18/07/2025
🦋🌞 Dealing with grief🌞🦋
Grief is unfortunately something we all have to experience and go through in our lives, so it's important we equip ourselves with the knowledge and skills to do it in the most healthy way possible. It is also vital we equip our children in the same way.
Having recently lost our very beloved cat (our last pet of the house) I was in a unique position to be able to both help myself and my children through the process with the knowledge I have. That's not to say the hurt was any less, it just helped to recognise the stages and know each one wasn't permanent.
Here's a brief overview:
1️⃣ Denial: It's normal to feel numb or disbelieving when faced with loss. Allow yourself to process your emotions, and seek support from loved ones. It is also important to note that losing a pet is just as upsetting as a friend or family member, so never to be trivialised.
2️⃣ Anger: It's okay to feel angry or frustrated. Find healthy outlets like exercise, creative activities, or talking to a friend. It helped in our case that Charlie was very old and frail, so we knew it was coming, there wasn't so much to be angry about.
3️⃣ Bargaining: You might find yourself thinking "what if?" or "if only...". Practice self-compassion and remind yourself that you're doing the best you can. This for me was the most painful stage as we had decided it was time to send Charlie across the rainbow bridge ourselves. Therefore I was wracked with a lot of thinking about whether we had made the right decision. It helped that I was able to talk to friends and they reassured me that it was the right thing to do.

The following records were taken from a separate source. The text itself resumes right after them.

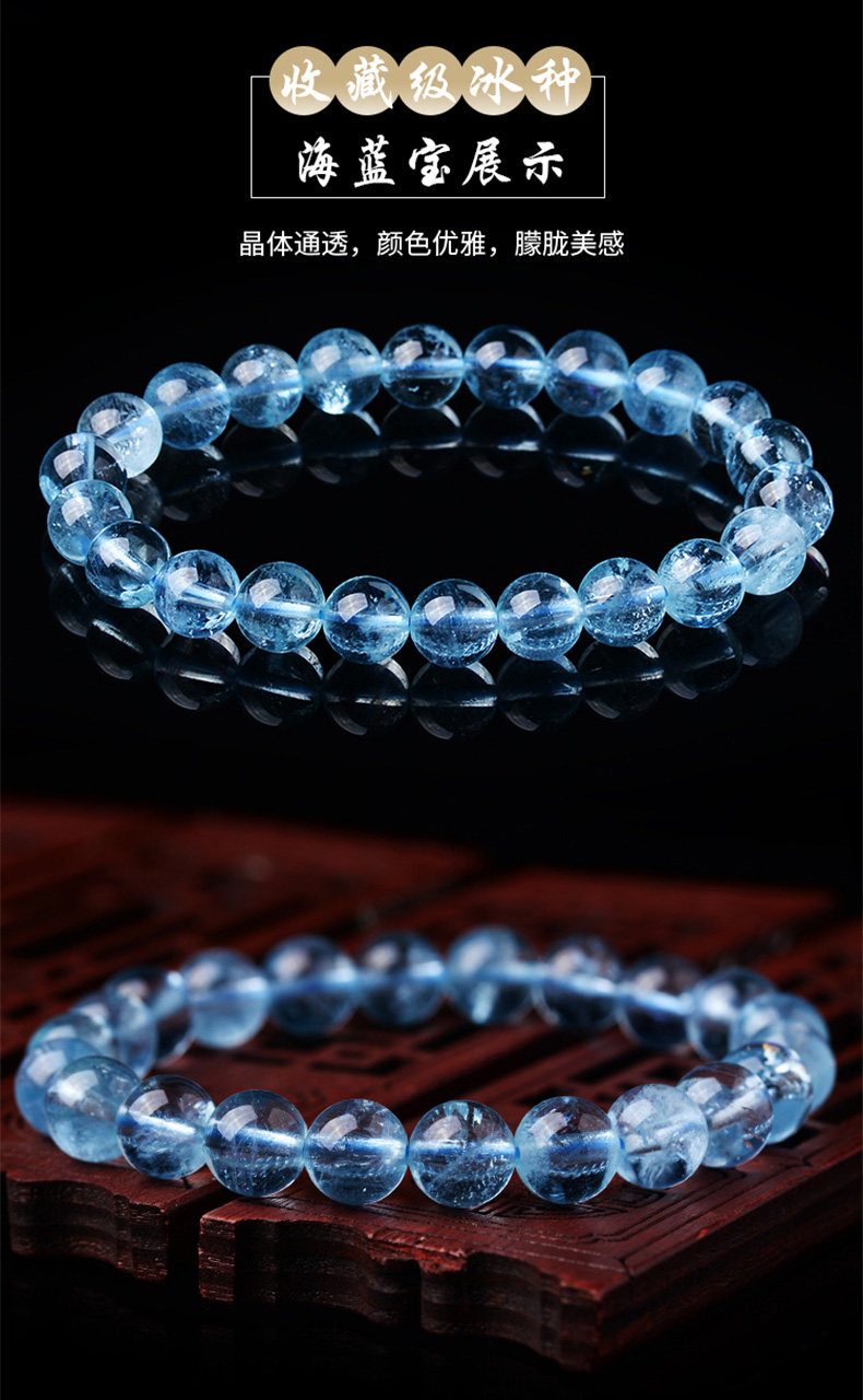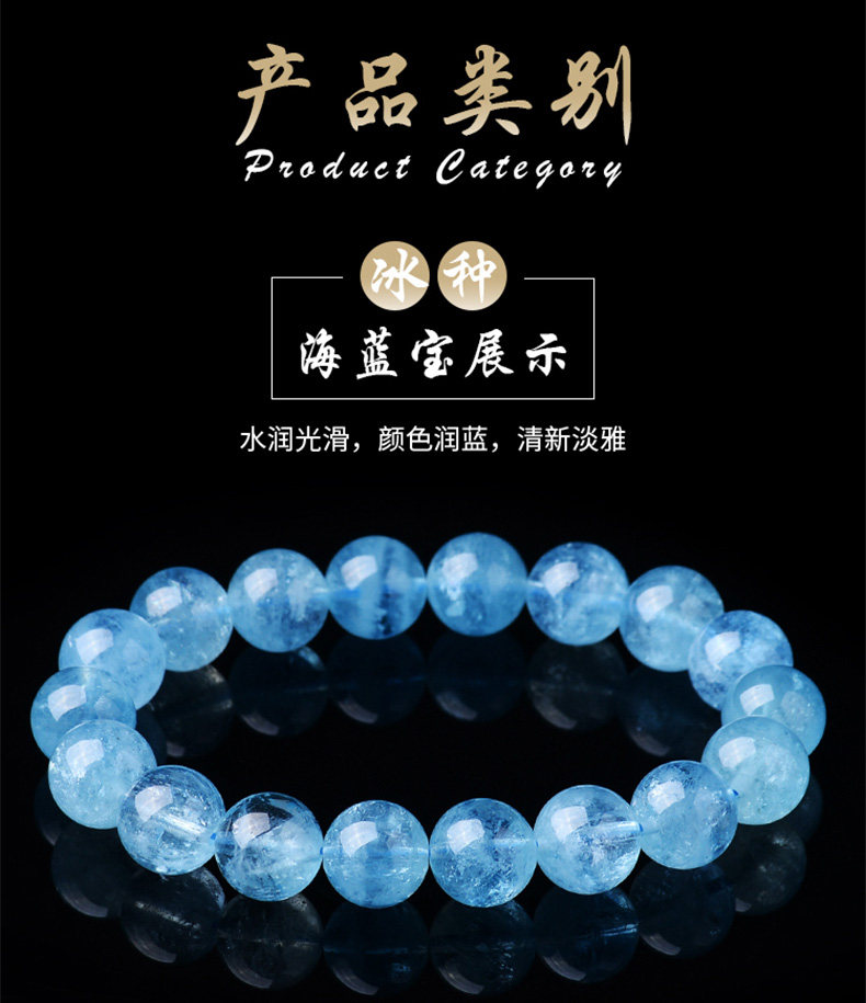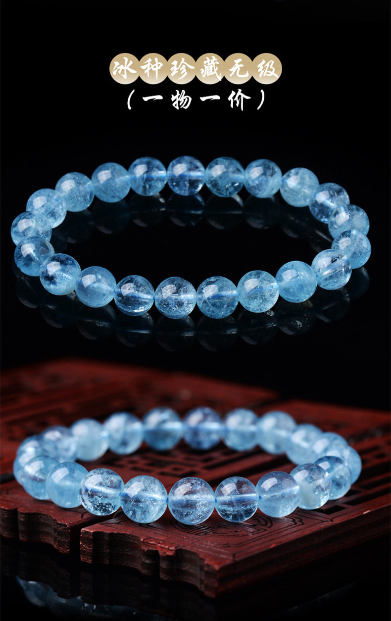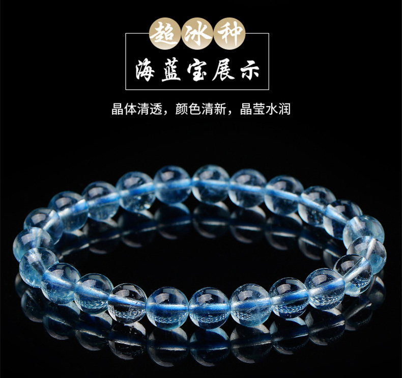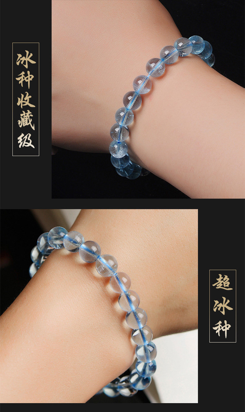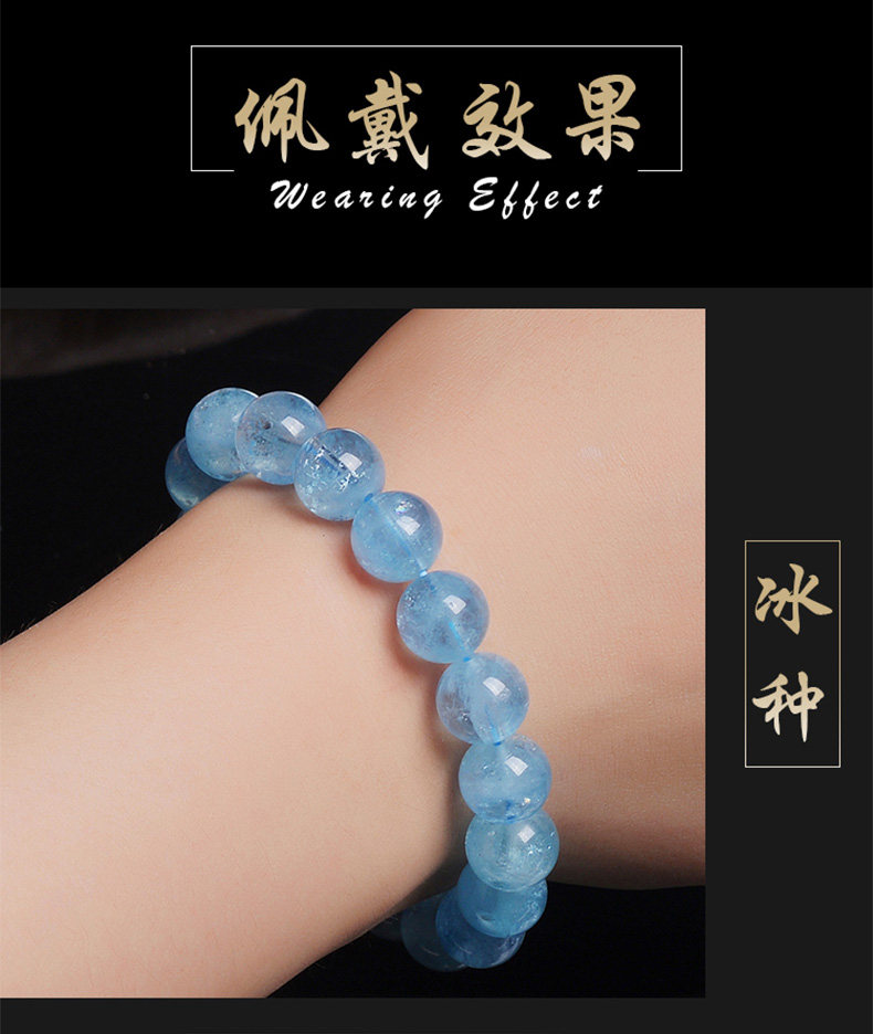 Sifuyuan Ice Aquamarine Bracelet Blue Gemstone Blue Crystal Beads Bracelet for Women Sea Blue Collectible Grade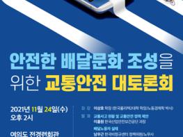 이상호 한국폴리텍2대학 학장이 좌장으로 나서며 이홍원 한국산업안전보건공단 과장이 '교통사고 현황 및 교통안전 정책 제안', 남우근 한국비정규센터 정책위원이 '배달노동자 실태'를 주제로 각각 발제를 맡는다.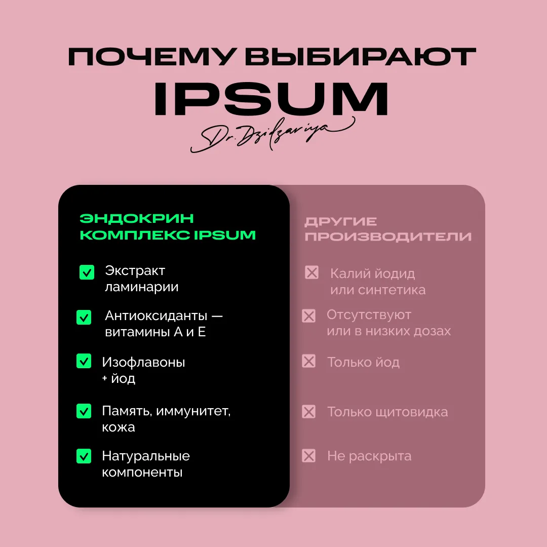 Щитовидная железа — маленький орган с огромным влиянием. Она управляет энергией, настроением, обменом веществ и даже качеством сна. Эндокрин комплекс IPSUM создан, чтобы мягко поддерживать её работу, помогать гормональному балансу и сохранять жизненную силу на высоком уровне каждый день.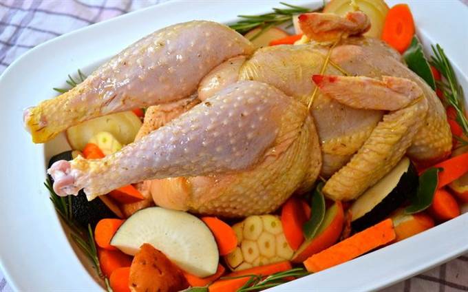 Цыпленка вымыть, обсушить бумажным полотенцем и натереть солью с перцем. Лимон наколоть вилкой (или ножом) и вложить в полость тушки цыпленка. Подготовленную птицу выложить на слой овощей. Добавить букет ароматных травок по кругу, можно добавить немного внутрь тушки вместе с лимоном. Цыпленка можно смазать немного мягким сливочным масло для придания цыпленку более золотистой корочки, или сбрызнуть оливковым маслом.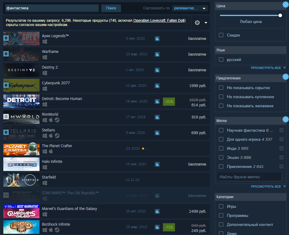Допустим, я открываю Стим, вбиваю в поисковик «Фантастика». Вверху мне выводит Киберпанк, Стелларис, Дейтройт, Биошок — определённо качественные вещи по геймплею (а от сюжета Киберпанка я до сих пор в приятном послевкусии — ни одна книга, прочитанная за последние пару лет, не могла таким похвастать). В самом топе многопользовательские Апекс и Варфрейм, но можно не сомневаться, что для своего жанра это вещи, в которых прилизан каждый сантиметр, как минимум, по визуалу. По балансу не могу судить, так как почти не играл в них.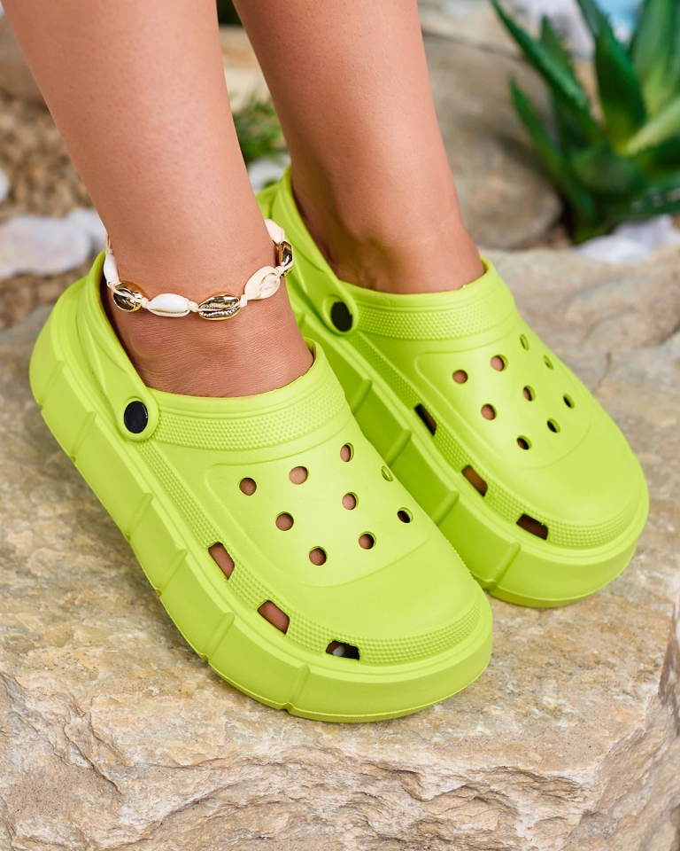 Royalfashion Neon green women's flip-flops with openwork trim Mightty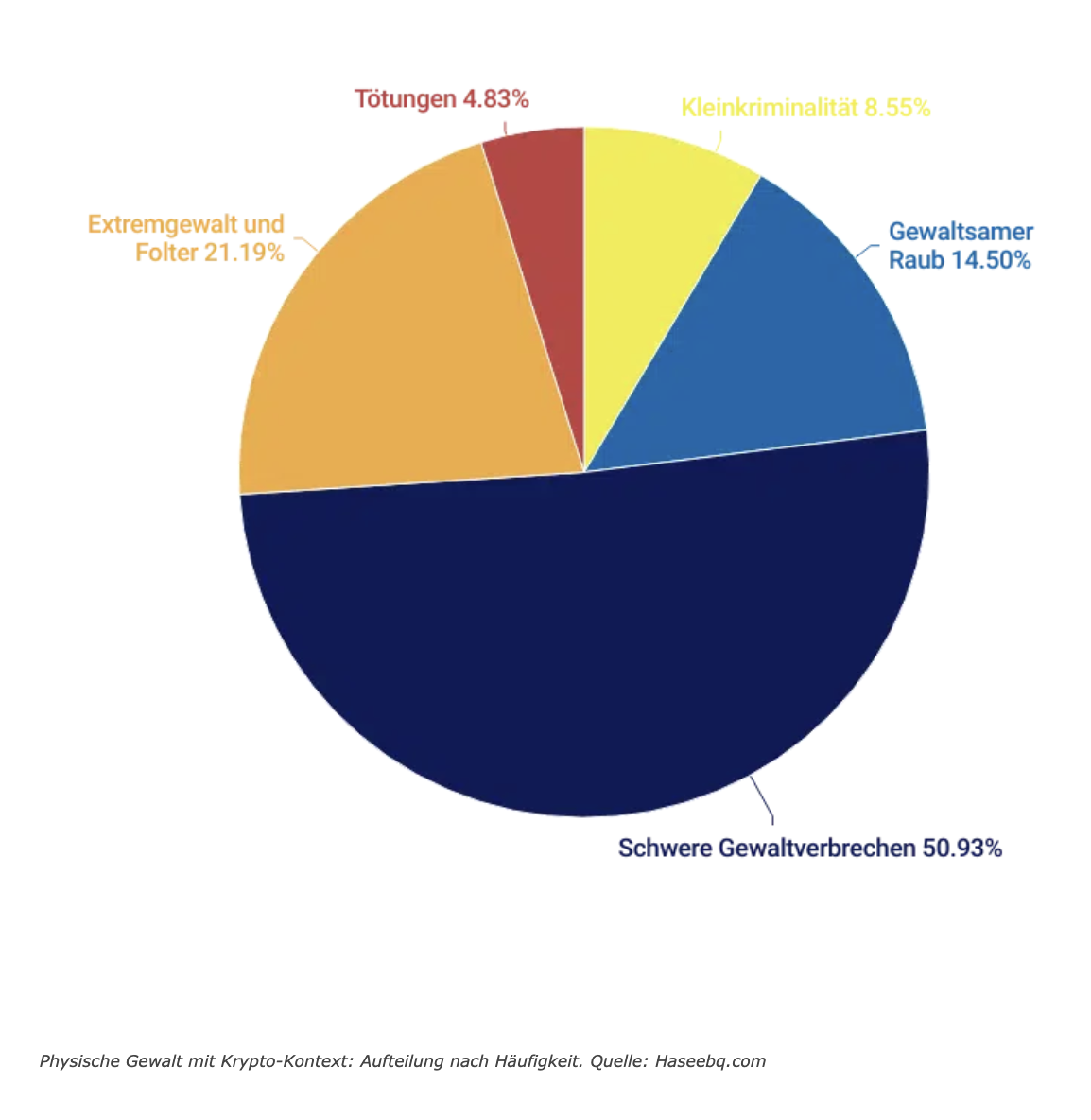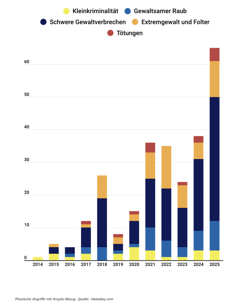 In der Gesamtschau machen schwere Gewaltverbrechen inzwischen rund 51 Prozent aller physischen Gewalttaten im Krypto-Kontext aus. Das Verhältnis hat sich damit deutlich verschoben. Während frühere Berichte meist vereinzelte Vorfälle beschrieben, deutet die aktuelle Datenlage auf ein strukturelles Risiko hin.

4️⃣ Depression: It's common to feel overwhelmed, sad, or hopeless. It can feel so overwhelming that you can't breath with the pain. This is when it's important to acknowledge that feeling and let it out through tears. Equally allow yourself the time to do things that bring you joy, to counteract that hopeless feeling. Look for those glimmers and the things you're looking forward to, even though it's really difficult.
5️⃣ Acceptance: This stage isn't about being okay with the loss, but about learning to live with it. Focus on rebuilding your life, and finding ways to honor your loved one. Talk about the memories and good times.
Remember, grief is a unique experience, and there's no timeline. You can go back and forth through the stages. Be patient with yourself, and don't hesitate to seek help when you need it.